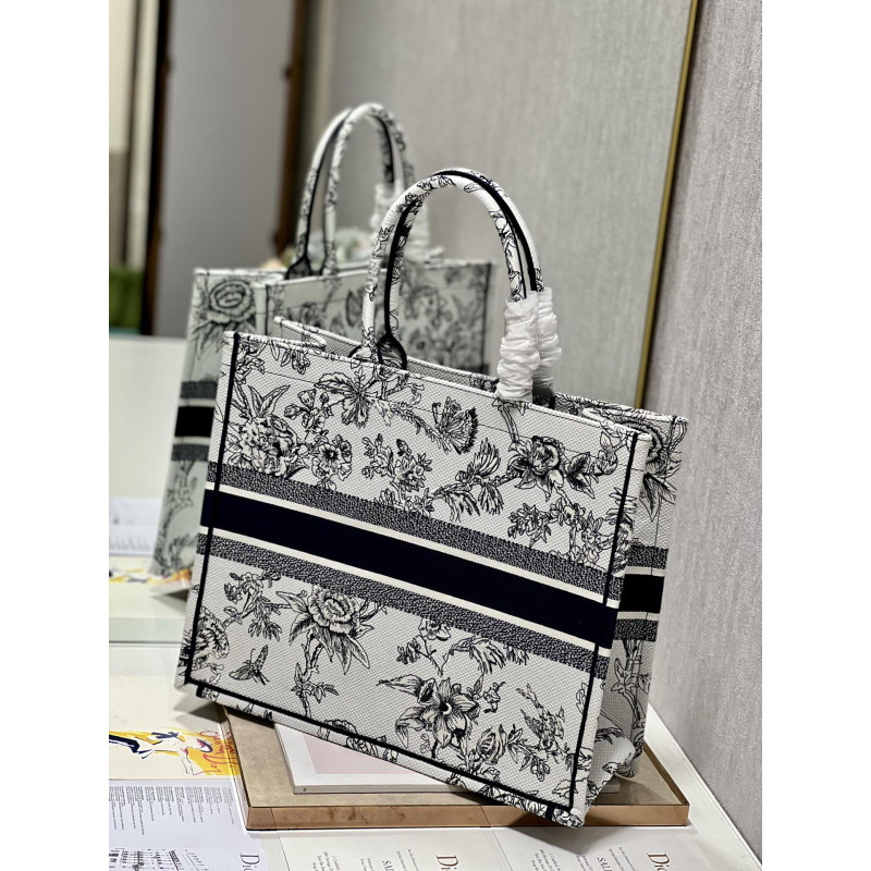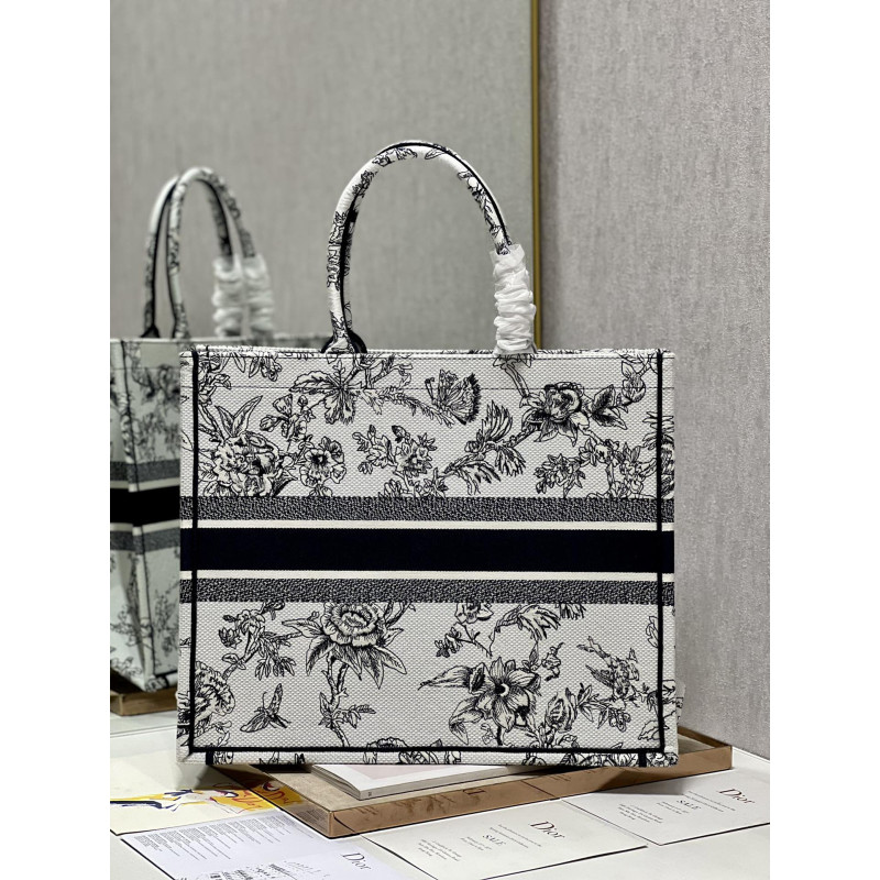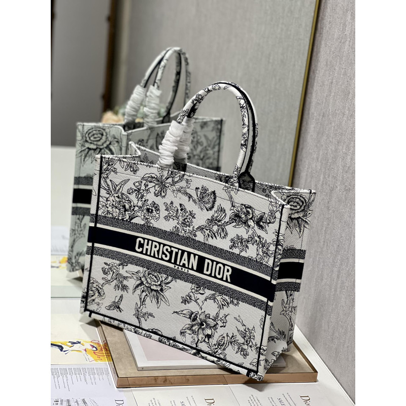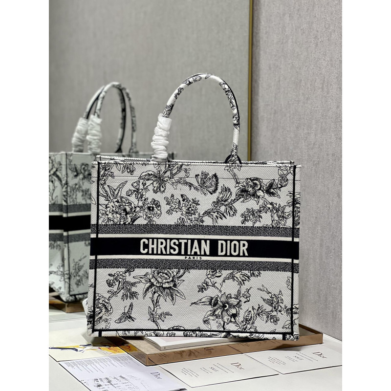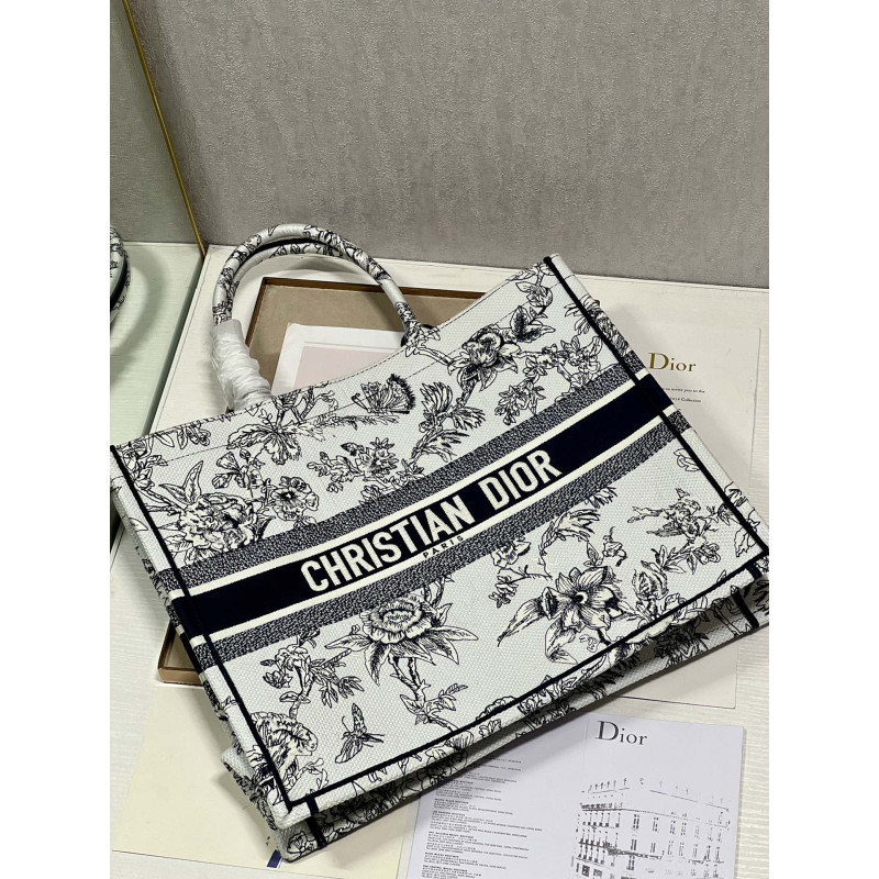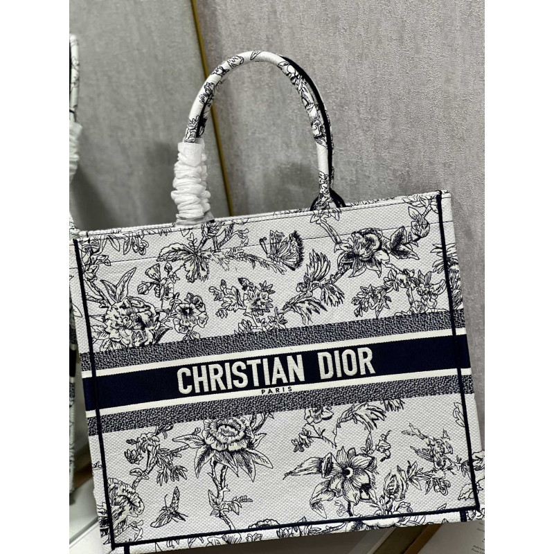Designed to hold all your daily essentials, it's fully embroidered with the Dior Jardin Botanique motif, showcasing the romantic floral motif of the Granville gardens. The Christian Dior Paris signature adorns the front, reflecting the house's signature craftsmanship.
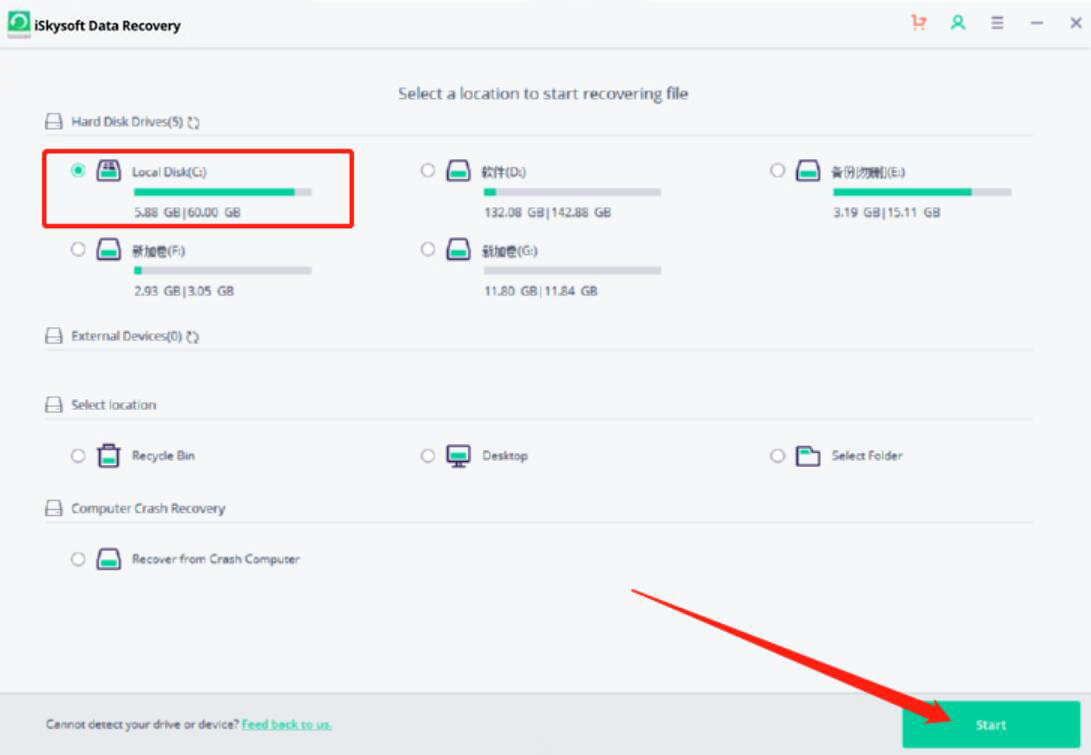 1、首先,我们打开iSkysoft Data Recovery,点击自己想要恢复的文件所在的磁盘,再点击“Start”按钮。
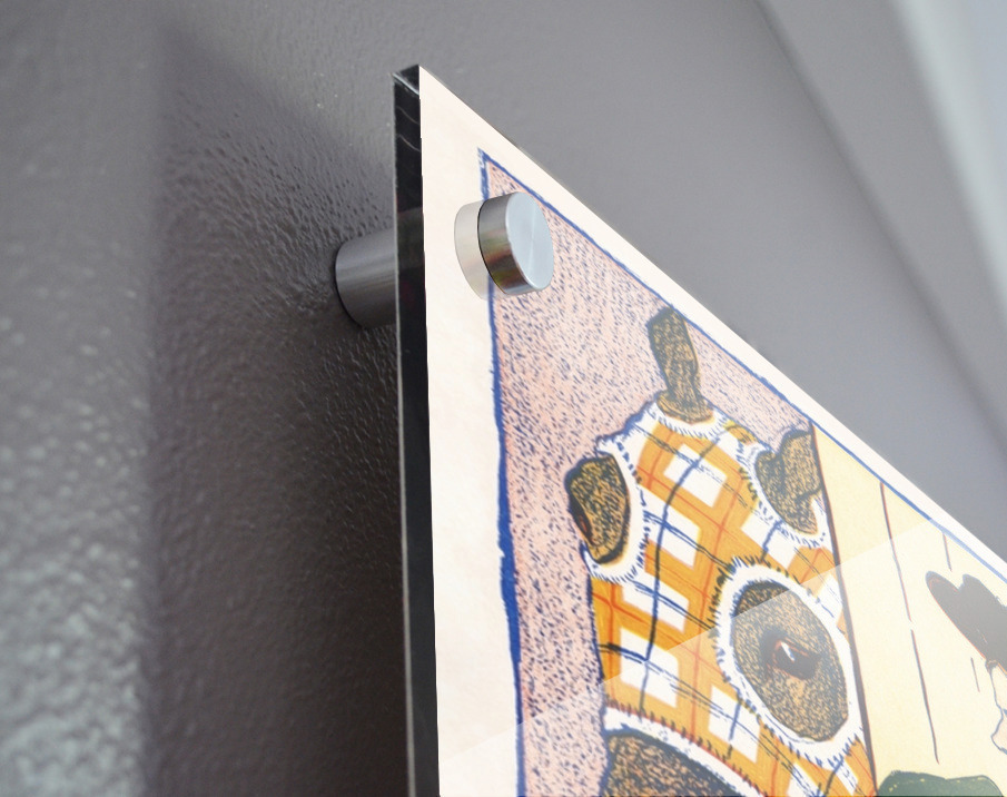 Printed to the edge - Ready to hang - provided with 4 premium polished aluminum stand off ( wall screws and mounting hardware provided ) We suggest a thicker 3/16" acrylic for any size over 42 inches to guarantee a straight acrylic, without curvature
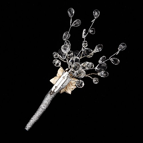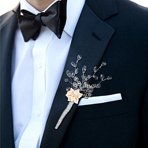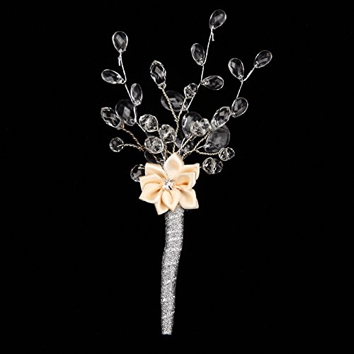 FAYBOXラグジュアリークリスタルビーズコサージュBestメンズグルーミングBoutonnieresウェディングプロムパーティー one size ベージュ
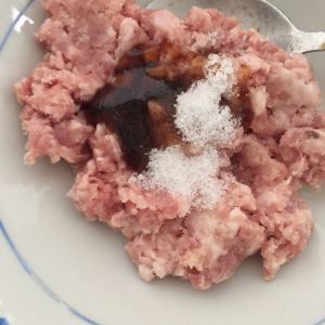 猪肉剁好,放入蚝油、盐、糖调味,加清水往同一方向搅打上劲。以前有朋友看我加水在肉里,说我有病乱搞饺子馅。不加水的肉馅又干又柴,难吃死了,好么!而且加水后煮出来就有灌汤的感觉也
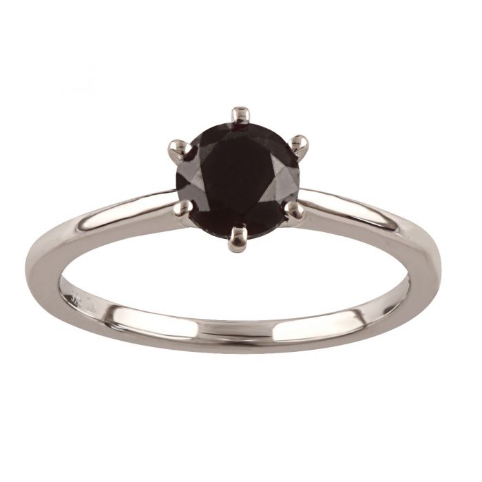 1 Carat Black Diamond Solitaire Ring set in Sterling Silver
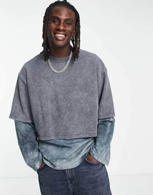 ASOS DESIGN – Szara dwuwarstwowa bluza oversize z efektem sprania i tie-dye
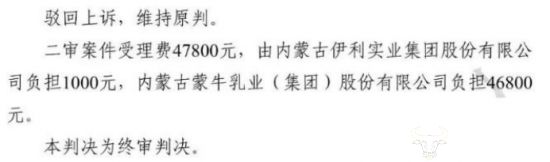 在今年9月,江苏省高级人民法院作出终审判决,驳回上诉,维持原判,即蒙牛构成不正当竞争,应立即停止侵权行为,并赔偿伊利经济损失及合理开支共计500万元。
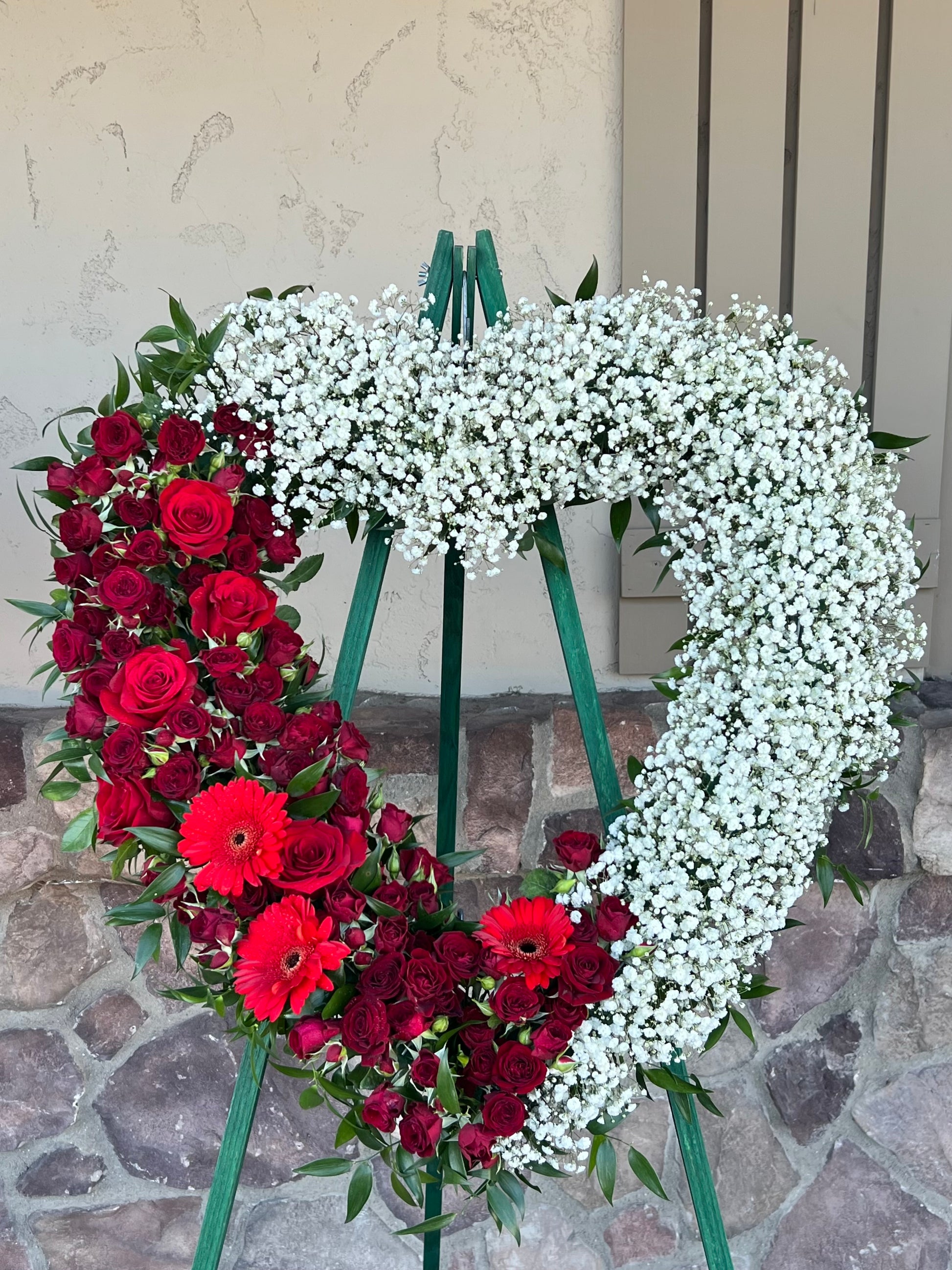 这款优雅的花架是一款引人注目的插花,融合了红玫瑰的古典之美、红雏菊的鲜艳魅力以及满天星的细腻触感。

------------------------

- **Directions**: Extract, word for word, each line from the top of the data down to and including the line with "Printed to the"; skip the pictures.

- **Response to this exercise**:
Designed to hold all your daily essentials, it's fully embroidered with the Dior Jardin Botanique motif, showcasing the romantic floral motif of the Granville gardens. The Christian Dior Paris signature adorns the front, reflecting the house's signature craftsmanship.
 1、首先,我们打开iSkysoft Data Recovery,点击自己想要恢复的文件所在的磁盘,再点击“Start”按钮。
 Printed to the edge - Ready to hang - provided with 4 premium polished aluminum stand off ( wall screws and mounting hardware provided ) We suggest a thicker 3/16" acrylic for any size over 42 inches to guarantee a straight acrylic, without curvature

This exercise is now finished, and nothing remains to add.